Following on from issues Show "Sunny (2024)" getting incorrect metadata and has multiple tmdb ids and Correct Movie Match but incorrect Tags and Crew (Plex Agent) I decided to see if I can do a validation and check for duplicate plex guids for tmdb, tvdb and imdb for movies, shows and episodes.
There maybe better ways to do but this worked for me. I used the metadata_items table from the plex database to get ids in my library for plex://movie, plex://episode and plex://show and copied them to a text file for each type plex-media-ids-movies.txt, plex-media-ids-series.txt and plex-media-ids-episodes.txt. I have 4287 movies, 998 shows with 38671 episodes.
Using these text files as input I then used this simple script (plex-export-xml.sh) to export the xml data for each and every media item.
#!/bin/bash
while read plexmedata; do
curl "http://192.168.1.3:32400/library/metadata/$plexmedata" > $plexmedata.xml
done
./plex-export-xml.sh < /home/plex/plex-media-ids-movies.txt
./plex-export-xml.sh < /home/plex/plex-media-ids-series.txt
./plex-export-xml.sh < /home/plex/plex-media-ids-episodes.txt
After which I end up with a xml file for each item I can then search these xml files for any double entries - basically like this …

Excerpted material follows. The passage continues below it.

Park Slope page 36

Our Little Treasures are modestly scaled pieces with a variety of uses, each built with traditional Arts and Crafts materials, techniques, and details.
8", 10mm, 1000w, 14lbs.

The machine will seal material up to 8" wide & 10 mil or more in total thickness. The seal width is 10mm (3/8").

find /home/plex/plex-media-xmls/movies/ -type f -exec grep -wc "tmdb:" {} + | grep :2
find /home/plex/plex-media-xmls/series/ -type f -exec grep -wc "tmdb:" {} + | grep :2
find /home/plex/plex-media-xmls/episodes/ -type f -exec grep -wc "tmdb:" {} + | grep :2
The results are better than I feared. Movies Alvin and the Chipmunks (2007) — The Movie Database (TMDB) <Guid id="tmdb://398593"/> <Guid id="tmdb://6477"/> and Batman: The Dark Knight Returns, Part 2 (2013) — The Movie Database (TMDB) <Guid id="tmdb://142061"/> <Guid id="tmdb://472027"/> have duplicate ids for tmdb.
Only one show Sunny (TV Series 2024- ) — The Movie Database (TMDB) <Guid id="tmdb://105298"/> <Guid id="tmdb://157226"/> had duplicate ids for tmdb and thankfully no episodes have any duplicates.

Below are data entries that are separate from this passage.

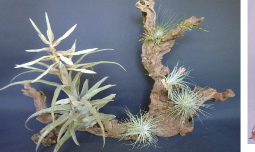
Tillandsia's on driftwood
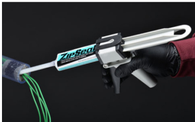
Prevents sensor damage from conduit condensation
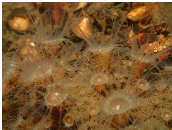
The sandy creeplet anemone Epizoanthus couchii, Loch Goil
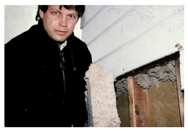
Photograph 2: Retrofit Cellulose Cavity Insulation— Dry blown cellulose packed into exterior wood frame walls. Injected from the exterior at top of cavity. This author, very young at the time, amazed at how well the insulation worked. Cavities were dry when opened.

attached to it—called a humidifier. How things have changed.
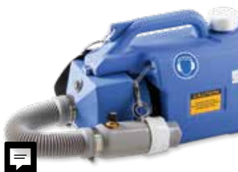
AQ-FG: Chemical Fogger, 110 V, 50/60 Hz AC ..... Call for Price AQ-FG-A: Chemical Fogger, 220 V, 50/60 Hz AC ..... Call for Price
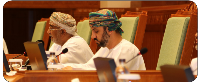
Side of Majlis A'Shura meeting
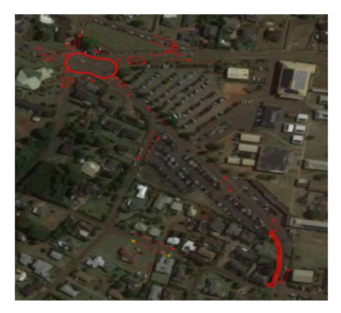
Figure 2: Traffic Control from March 13 to March 17
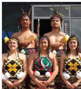
Uhi Tai Ohi - Ki Taneatua Cultural and Dance Roopu
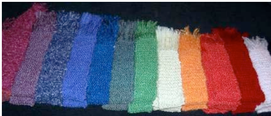
Reiki Wraps for children in hospitals. I used many colors for both boys and girls.

I decided to create the instructions for “Reiki Wraps” and everything you need to know in order to knit and donate scarves for kids; the pattern, materials, the hospital contact letter and person, etc, or to knit them as gifts for friends.
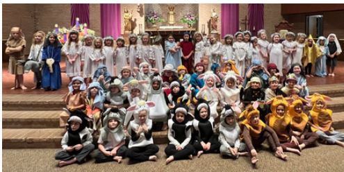
KINDERGARTEN CHRISTMAS PAGEANT

Now, if we extend this to tvdb duplicates its we find a bit more:
Movies:
In This Corner of the World → In This Corner of the World (2016) — The Movie Database (TMDB)
<Guid id="tvdb://309901"/>
<Guid id="tvdb://9534"/>
Batman: The Dark Knight Returns Part 2 → Batman: The Dark Knight Returns, Part 2 (2013) — The Movie Database (TMDB)
<Guid id="tvdb://2113"/>
<Guid id="tvdb://292129"/>
Star Wars: Episode I - The Phantom Menace → Star Wars: Episode I - The Phantom Menace (1999) — The Movie Database (TMDB)
<Guid id="tvdb://134347"/>
<Guid id="tvdb://334"/>
Three Identical Strangers → Three Identical Strangers (2018) — The Movie Database (TMDB)
<Guid id="tvdb://1536"/>
<Guid id="tvdb://343246"/>
Exorcist III → The Exorcist III (1990) — The Movie Database (TMDB)
<Guid id="tvdb://35907"/>
<Guid id="tvdb://3931"/>
Tagging @drzoidberg33 @OttoKerner @SwiftPanda16 as they commented on the previous threads regarding this topic. I’m hoping plex can take this data and fix these identified issues above. Maybe if they have a large db with even more movies and shows they can run the method to detect more possible errors.